The meals that did the heavy lifting
Breakfast was almost always the same and almost always perfect: eggs fried in olive oil, a thick slice of yesterday’s bread rubbed with a cut tomato and salt. Marc swears the bread is better on day two, and after a week I came around to his side.
Lunch leaned cold and portable: bread, cheese, olives, tomatoes, sometimes a tin of sardines mashed with lemon. The kind of meal that costs under two dollars and tastes like a holiday because you’re eating it on a rock above the sea.
Dinner rotated through that batch-cooked base, plus a weekly pasta night (garlic, oil, chilli, whatever green needed using) and one “market special” built around the cheapest abundant thing. A tray of tomatoes past their best became a slow, jammy sauce that made the whole van smell like somebody’s grandmother lived there. The cheapest dishes in my roundup of street foods that prove cheap can taste best run on exactly this logic: few ingredients, treated with respect.

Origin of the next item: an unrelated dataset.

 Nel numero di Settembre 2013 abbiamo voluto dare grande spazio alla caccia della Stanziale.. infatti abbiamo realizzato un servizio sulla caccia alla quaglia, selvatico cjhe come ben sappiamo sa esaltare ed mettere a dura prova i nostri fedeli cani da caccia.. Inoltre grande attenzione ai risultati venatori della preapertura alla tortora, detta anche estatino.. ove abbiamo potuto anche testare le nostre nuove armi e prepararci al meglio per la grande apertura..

Where they shopped mattered as much as what they bought
One detail I’d underestimated: location is a food budget lever. In tourist-heavy coastal towns, even a cucumber carried a markup. So they shopped a few valleys inland, in the workaday towns where locals actually buy groceries, and drove to the pretty places only to walk and swim.
That instinct goes beyond food. Choosing the unglamorous town next door is one of the most reliable budget moves there is, and I make the broader case in this piece on the budget mistake of only visiting capitals. The principle holds at the vegetable stall and the campsite alike: a short hop off the postcard route, and the same week costs noticeably less.

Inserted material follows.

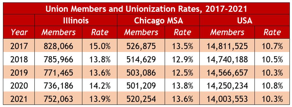 At 13%, Illinois currently has the nation’s 13th-highest unionization rate, with its workers 3 percentage points more likely to be union members than the nation as a whole. Black workers, military veterans, workers with master’s degrees, public sector employees, and construction trades workers continue to be the groups who are most likely to be unionized. Unions also boost worker earnings by an average of 13% in Illinois, which is the 3rd-highest impact in the nation. Finally, the report found that Illinois’ unionization rate was 5 percentage points higher than neighboring states with so-called “right-to-work” laws, while its worker wages had grown 5% faster since 2017 and were now an average of 19% higher.

What I’d steal for my own trips
You don’t need a van to cook this way. A hostel kitchen, a cheap apartment, even a single camping burner on a balcony will do.
Buy fresh little and often, dry goods in bulk. Build the week around one batch-cooked pot you can disguise three ways. Let the cheapest abundant ingredient lead the menu instead of fighting it. And keep a tiny treat budget, because the moment a cheap diet feels like punishment, you abandon it for overpriced sandwiches at petrol stations.

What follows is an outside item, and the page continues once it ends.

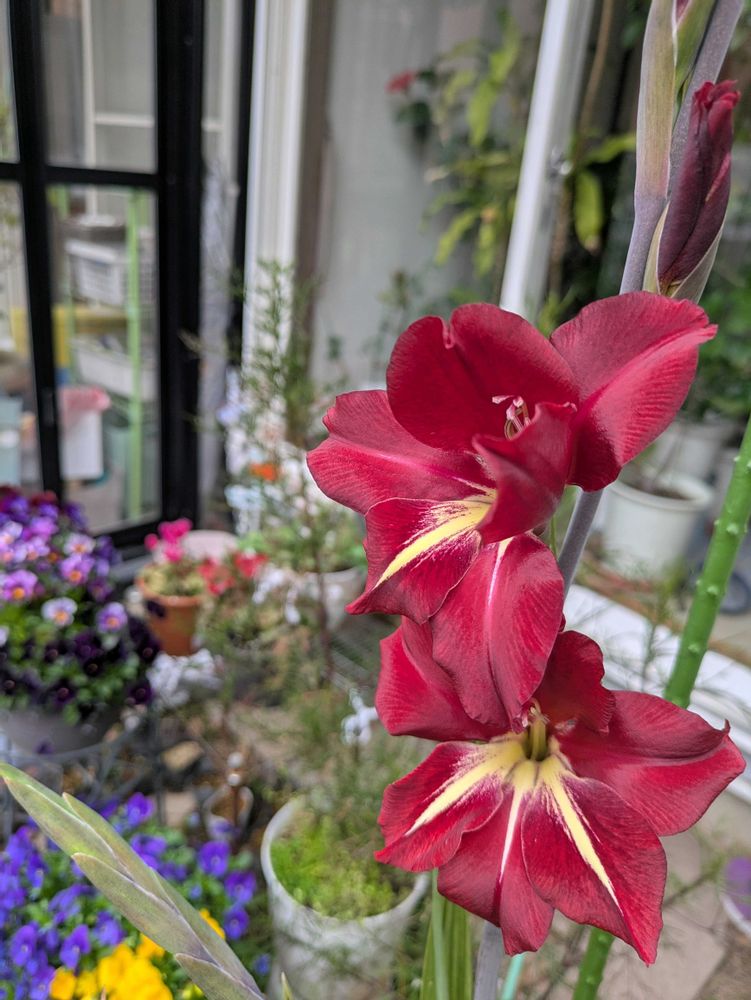 赤いグラジオラスは、ちょっとびっくりな色でした。お察しのとおり、グラジオラスは、植え替えています。なぜなら、別の花を植えてしまうから、掘り上げます。

One market shop (~$22) plus prorated staples and a little dairy kept two people at roughly $83 a week. The engine was batch cooking — one pot, three meals. Shopping inland instead of on the tourist strip quietly shaved the bill, and a small treat allowance kept the whole thing sustainable for eleven months and counting.
Doesn’t eating this cheaply get monotonous?
It would if you ate the same dish nightly, which is why the base pot gets re-seasoned into something different each day. Lemon, chilli, fresh herbs and a change of starch turn one stew into three meals that don’t taste related. Variety comes from technique, not from buying more.
How do you store food without a proper fridge?
A cool box with frozen bottles keeps things at cellar temperature for two to three days, which is plenty when you shop little and often. Cooked dishes that get reheated daily stay safe longer than raw ingredients, and bread, eggs and hard cheese are forgiving by nature. You simply stop buying anything that demands refrigeration.
Could a solo traveler hit a similar per-person cost?
Roughly, though cooking for one is slightly less efficient because staples and fresh produce don’t always halve neatly. Batch cooking still helps enormously — freeze or chill portions and you spread one effort across several days. Expect a touch higher per head than a couple, but the same routine absolutely scales down.
I left the van with a melon I hadn’t paid for and a notebook full of meals I’ve cooked a dozen times since. The lasting lesson wasn’t about money. It was that the right kind of constraint makes you a more attentive cook — and that eating well on almost nothing is less about discipline than about paying attention at the market on a Saturday morning.